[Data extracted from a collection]
****************

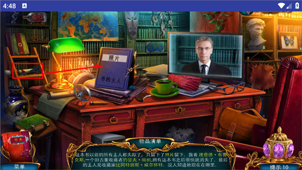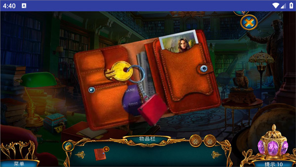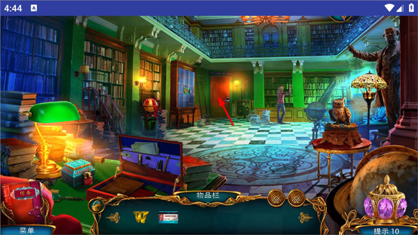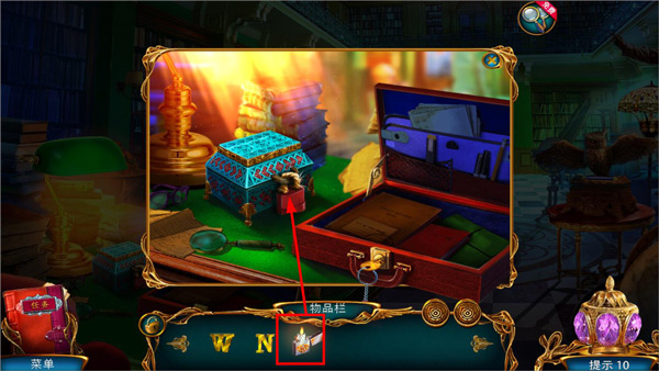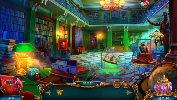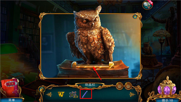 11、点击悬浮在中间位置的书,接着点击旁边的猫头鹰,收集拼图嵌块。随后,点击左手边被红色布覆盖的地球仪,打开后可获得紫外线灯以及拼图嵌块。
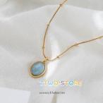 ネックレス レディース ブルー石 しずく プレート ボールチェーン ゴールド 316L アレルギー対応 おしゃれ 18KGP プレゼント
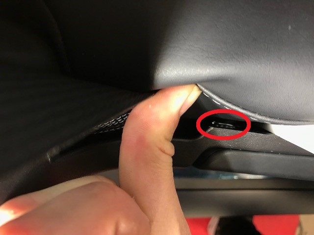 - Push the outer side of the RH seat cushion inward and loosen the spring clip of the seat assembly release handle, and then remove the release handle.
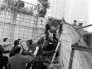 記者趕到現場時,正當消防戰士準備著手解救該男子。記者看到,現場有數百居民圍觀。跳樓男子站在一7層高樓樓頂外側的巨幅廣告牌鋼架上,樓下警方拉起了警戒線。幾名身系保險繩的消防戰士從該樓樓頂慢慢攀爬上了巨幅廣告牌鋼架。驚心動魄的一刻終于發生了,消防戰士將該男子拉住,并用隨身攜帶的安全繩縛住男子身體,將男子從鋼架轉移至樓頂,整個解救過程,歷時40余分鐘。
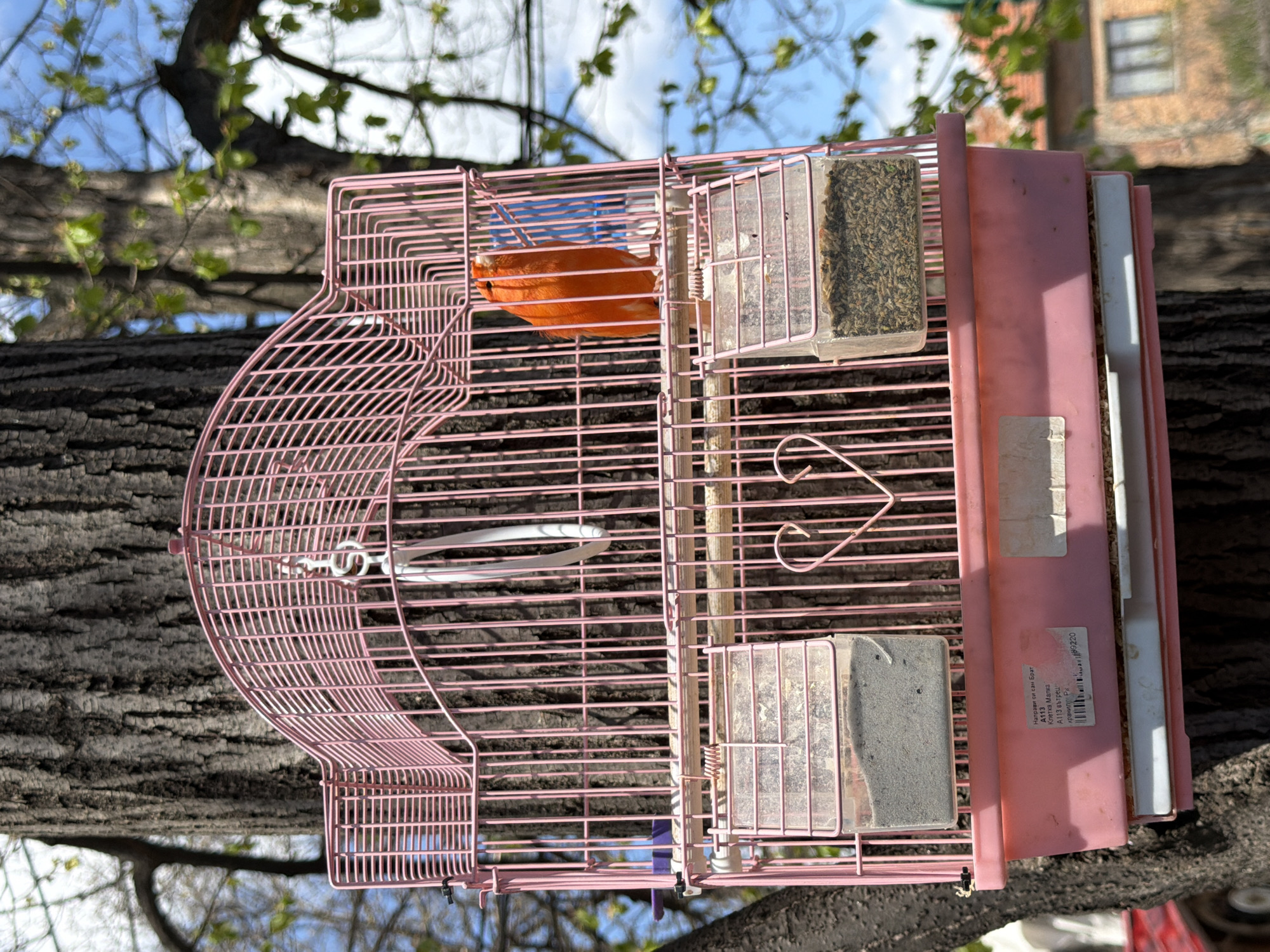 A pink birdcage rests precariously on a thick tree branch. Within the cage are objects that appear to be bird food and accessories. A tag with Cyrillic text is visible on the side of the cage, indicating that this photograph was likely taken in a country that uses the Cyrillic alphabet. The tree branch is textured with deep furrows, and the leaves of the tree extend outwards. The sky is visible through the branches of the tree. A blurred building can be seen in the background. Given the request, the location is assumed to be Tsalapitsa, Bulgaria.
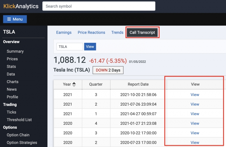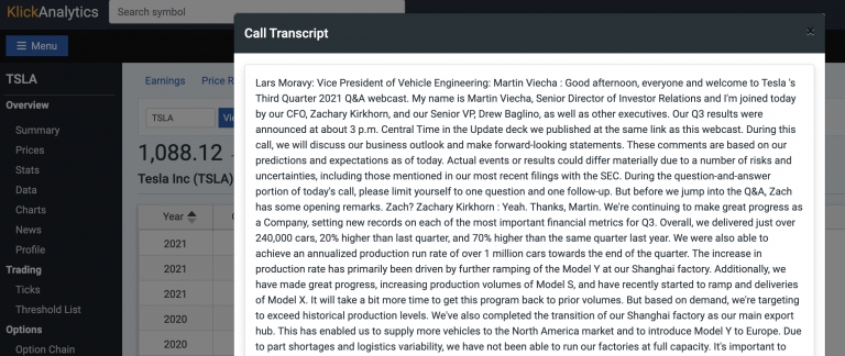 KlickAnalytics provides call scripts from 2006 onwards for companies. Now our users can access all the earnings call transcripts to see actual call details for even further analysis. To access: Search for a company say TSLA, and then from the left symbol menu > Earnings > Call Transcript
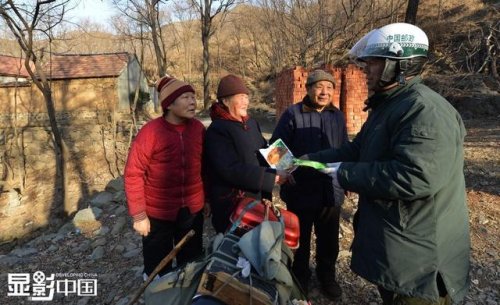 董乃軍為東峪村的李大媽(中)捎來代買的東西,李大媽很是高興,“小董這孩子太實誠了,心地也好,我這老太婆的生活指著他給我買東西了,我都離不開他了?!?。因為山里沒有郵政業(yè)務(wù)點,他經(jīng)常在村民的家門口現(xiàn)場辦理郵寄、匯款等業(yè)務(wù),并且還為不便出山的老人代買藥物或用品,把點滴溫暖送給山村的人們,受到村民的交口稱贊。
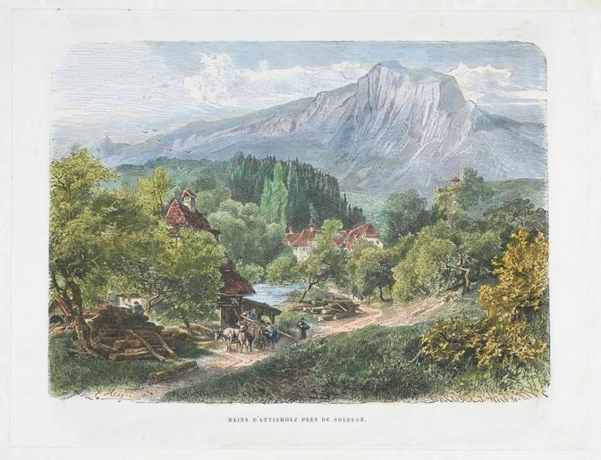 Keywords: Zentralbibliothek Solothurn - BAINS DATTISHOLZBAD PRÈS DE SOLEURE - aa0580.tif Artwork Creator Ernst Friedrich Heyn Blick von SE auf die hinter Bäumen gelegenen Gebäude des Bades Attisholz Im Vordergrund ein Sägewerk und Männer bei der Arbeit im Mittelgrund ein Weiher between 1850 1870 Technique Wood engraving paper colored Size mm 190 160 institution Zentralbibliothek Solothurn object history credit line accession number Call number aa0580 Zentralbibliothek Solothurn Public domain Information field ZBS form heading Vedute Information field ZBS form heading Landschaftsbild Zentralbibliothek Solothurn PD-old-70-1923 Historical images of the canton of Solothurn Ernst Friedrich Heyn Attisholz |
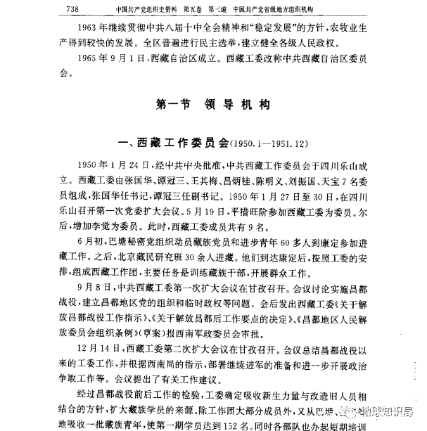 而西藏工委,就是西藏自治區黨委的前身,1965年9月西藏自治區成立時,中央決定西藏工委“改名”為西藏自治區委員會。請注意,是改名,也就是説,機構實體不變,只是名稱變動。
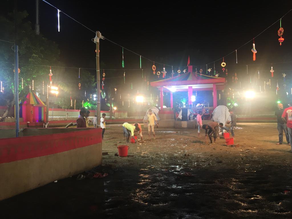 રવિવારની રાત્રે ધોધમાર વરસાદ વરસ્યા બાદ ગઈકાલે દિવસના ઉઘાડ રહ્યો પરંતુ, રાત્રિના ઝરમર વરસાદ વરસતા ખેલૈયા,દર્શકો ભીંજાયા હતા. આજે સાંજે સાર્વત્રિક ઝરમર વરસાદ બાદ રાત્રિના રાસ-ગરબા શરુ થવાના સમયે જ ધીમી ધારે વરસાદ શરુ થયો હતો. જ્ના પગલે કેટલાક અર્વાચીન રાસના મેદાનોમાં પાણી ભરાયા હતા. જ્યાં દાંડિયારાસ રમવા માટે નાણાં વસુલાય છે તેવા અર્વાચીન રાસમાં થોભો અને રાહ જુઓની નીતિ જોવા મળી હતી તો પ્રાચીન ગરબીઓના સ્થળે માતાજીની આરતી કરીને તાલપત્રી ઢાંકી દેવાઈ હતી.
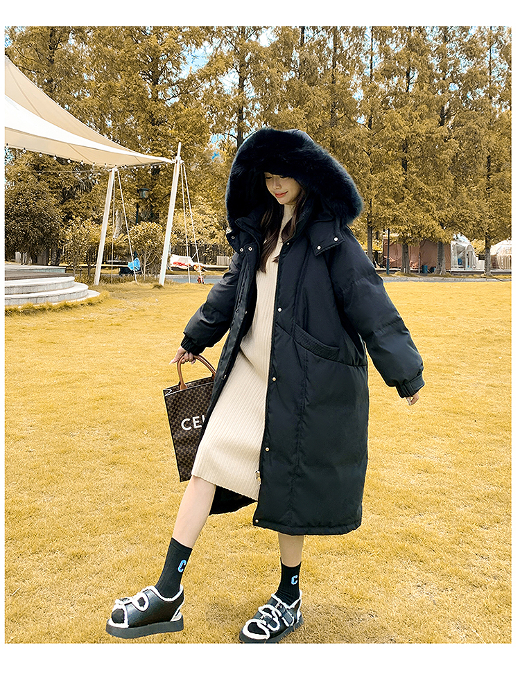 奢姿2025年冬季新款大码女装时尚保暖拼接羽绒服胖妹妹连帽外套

****************

# [Instructions to follow]
Without the pictures, please output every record exactly.

# [Final answer]
 11、点击悬浮在中间位置的书,接着点击旁边的猫头鹰,收集拼图嵌块。随后,点击左手边被红色布覆盖的地球仪,打开后可获得紫外线灯以及拼图嵌块。
 ネックレス レディース ブルー石 しずく プレート ボールチェーン ゴールド 316L アレルギー対応 おしゃれ 18KGP プレゼント
 - Push the outer side of the RH seat cushion inward and loosen the spring clip of the seat assembly release handle, and then remove the release handle.
 記者趕到現場時,正當消防戰士準備著手解救該男子。記者看到,現場有數百居民圍觀。跳樓男子站在一7層高樓樓頂外側的巨幅廣告牌鋼架上,樓下警方拉起了警戒線。幾名身系保險繩的消防戰士從該樓樓頂慢慢攀爬上了巨幅廣告牌鋼架。驚心動魄的一刻終于發生了,消防戰士將該男子拉住,并用隨身攜帶的安全繩縛住男子身體,將男子從鋼架轉移至樓頂,整個解救過程,歷時40余分鐘。
 A pink birdcage rests precariously on a thick tree branch. Within the cage are objects that appear to be bird food and accessories. A tag with Cyrillic text is visible on the side of the cage, indicating that this photograph was likely taken in a country that uses the Cyrillic alphabet. The tree branch is textured with deep furrows, and the leaves of the tree extend outwards. The sky is visible through the branches of the tree. A blurred building can be seen in the background. Given the request, the location is assumed to be Tsalapitsa, Bulgaria.
 KlickAnalytics provides call scripts from 2006 onwards for companies. Now our users can access all the earnings call transcripts to see actual call details for even further analysis. To access: Search for a company say TSLA, and then from the left symbol menu > Earnings > Call Transcript
 董乃軍為東峪村的李大媽(中)捎來代買的東西,李大媽很是高興,“小董這孩子太實誠了,心地也好,我這老太婆的生活指著他給我買東西了,我都離不開他了?!?。因為山里沒有郵政業(yè)務(wù)點,他經(jīng)常在村民的家門口現(xiàn)場辦理郵寄、匯款等業(yè)務(wù),并且還為不便出山的老人代買藥物或用品,把點滴溫暖送給山村的人們,受到村民的交口稱贊。
 Keywords: Zentralbibliothek Solothurn - BAINS DATTISHOLZBAD PRÈS DE SOLEURE - aa0580.tif Artwork Creator Ernst Friedrich Heyn Blick von SE auf die hinter Bäumen gelegenen Gebäude des Bades Attisholz Im Vordergrund ein Sägewerk und Männer bei der Arbeit im Mittelgrund ein Weiher between 1850 1870 Technique Wood engraving paper colored Size mm 190 160 institution Zentralbibliothek Solothurn object history credit line accession number Call number aa0580 Zentralbibliothek Solothurn Public domain Information field ZBS form heading Vedute Information field ZBS form heading Landschaftsbild Zentralbibliothek Solothurn PD-old-70-1923 Historical images of the canton of Solothurn Ernst Friedrich Heyn Attisholz |
 而西藏工委,就是西藏自治區黨委的前身,1965年9月西藏自治區成立時,中央決定西藏工委“改名”為西藏自治區委員會。請注意,是改名,也就是説,機構實體不變,只是名稱變動。
 રવિવારની રાત્રે ધોધમાર વરસાદ વરસ્યા બાદ ગઈકાલે દિવસના ઉઘાડ રહ્યો પરંતુ, રાત્રિના ઝરમર વરસાદ વરસતા ખેલૈયા,દર્શકો ભીંજાયા હતા. આજે સાંજે સાર્વત્રિક ઝરમર વરસાદ બાદ રાત્રિના રાસ-ગરબા શરુ થવાના સમયે જ ધીમી ધારે વરસાદ શરુ થયો હતો. જ્ના પગલે કેટલાક અર્વાચીન રાસના મેદાનોમાં પાણી ભરાયા હતા. જ્યાં દાંડિયારાસ રમવા માટે નાણાં વસુલાય છે તેવા અર્વાચીન રાસમાં થોભો અને રાહ જુઓની નીતિ જોવા મળી હતી તો પ્રાચીન ગરબીઓના સ્થળે માતાજીની આરતી કરીને તાલપત્રી ઢાંકી દેવાઈ હતી.
 奢姿2025年冬季新款大码女装时尚保暖拼接羽绒服胖妹妹连帽外套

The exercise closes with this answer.